An expanded aid program, targeted towards the real purpose of aid – human development, especially through reducing poverty – has to be at the centre of such partnerships. It was encouraging to hear foreign minister Julie Bishop’s surprise statement that increased aid was “absolutely” needed. A staged increase towards 0.33 per cent of GNI over five years is an achievable goal. 

But it must be properly targeted. Aid is primarily about empowering communities to make their own positive change. While big-ticket infrastructure projects like the undersea cable are important, our Pacific partnerships must embrace the critical factors that really decide whether communities suffer or thrive.  

These include better health, safety from conflict and violence, including gender-based violence, and access to educational and economic opportunity. And in the Pacific particularly, affected by more frequent and intense weather events and threatened with population displacement, partnerships must also include action to address environmental threats.

The last thing we need is an ideological debate that frames aid as either only valuable as a means to achieve our national interest – or even of no value at all – or as a wholly altruistic endeavour whose purity is polluted by any thought of self-interest. This supposed realist-idealist paradigm is both delusory and unhelpful.  

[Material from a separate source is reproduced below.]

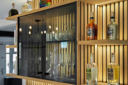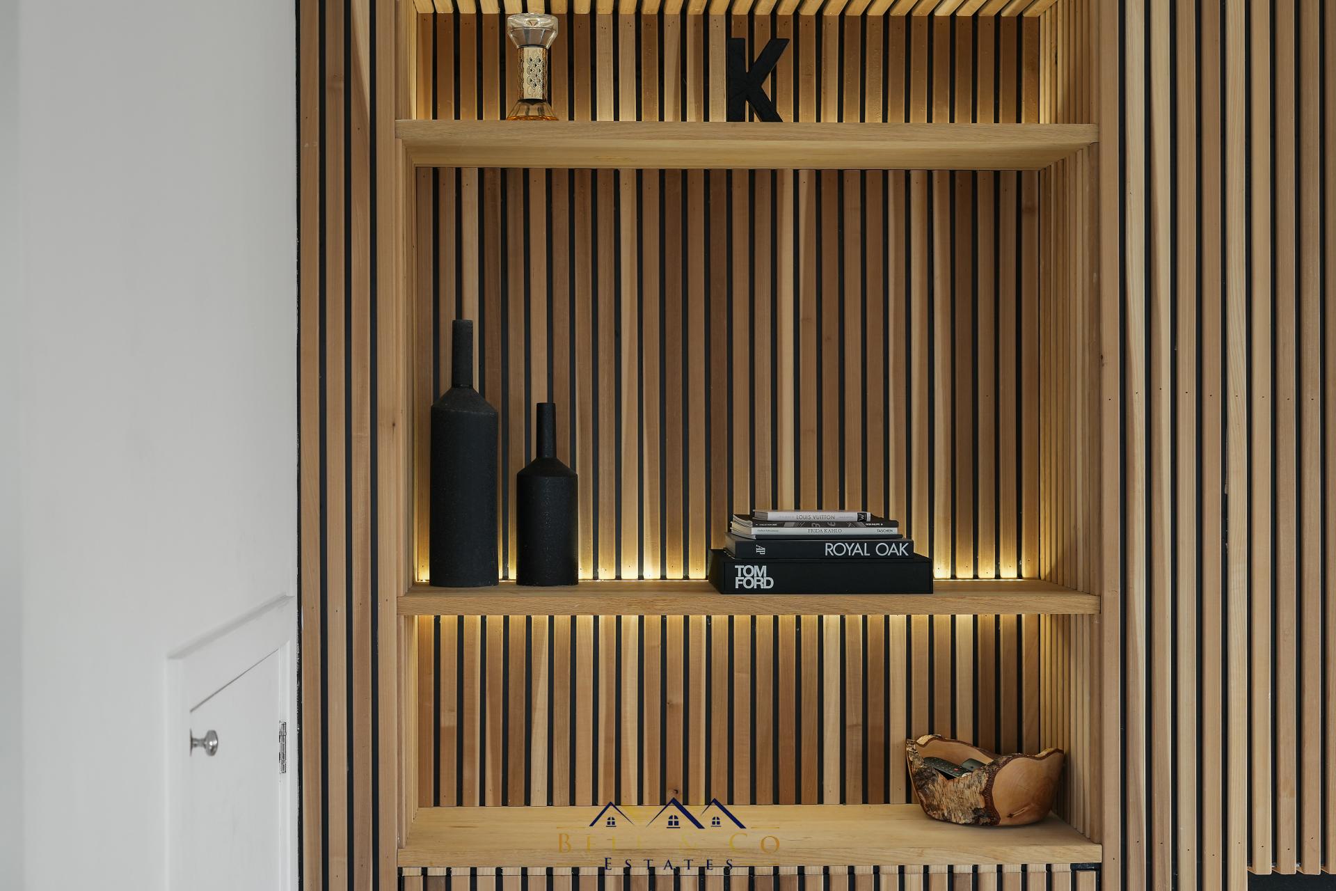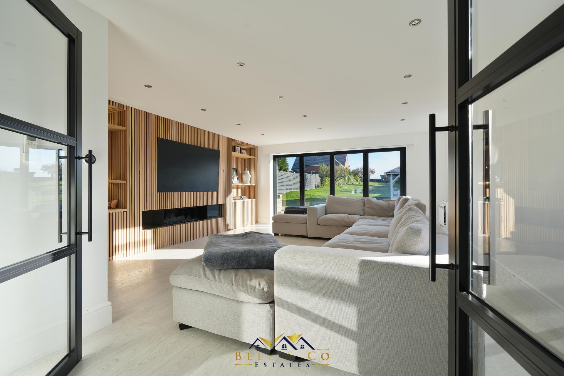 Continuing through into the formal Lounge with tulip wood panelled media wall with hidden storage cupboards and electric fire, underfloor heating, air conditioning unit, electronic blinds with bi-folding doors opening onto the rear patio area. The room and lighting are all controlled via the ALEXA mobile app.

The so-called “realist” view misses the point that being neighbours is not a zero-sum game – we do not lose anything if our neighbours enjoy greater security, better health and more prosperity. Quite the contrary – the advancement of the people in the Pacific is entirely to our benefit, promoting regional stability and better governance, and reducing the enabling environment for cross-border health threats, transnational crime and terrorism. 

So this week Australia has taken an important step, literally and figuratively, towards building links fit for the 21st century with some of our neighbours. The real value of the government’s initiative, and whether it will be valued by Australia’s partners, depends on what comes next. 


Published by The Guardian on June 16, 2018

Picture: Children growing up in Lord Howe settlement, Honiara. Their families are from Ontong Java, a cluster of 122 small islands in the northernmost part of the Solomon Islands. They move to find work, access better education for their children, and in many cases, to escape the effects climate change on their environment and livelihoods.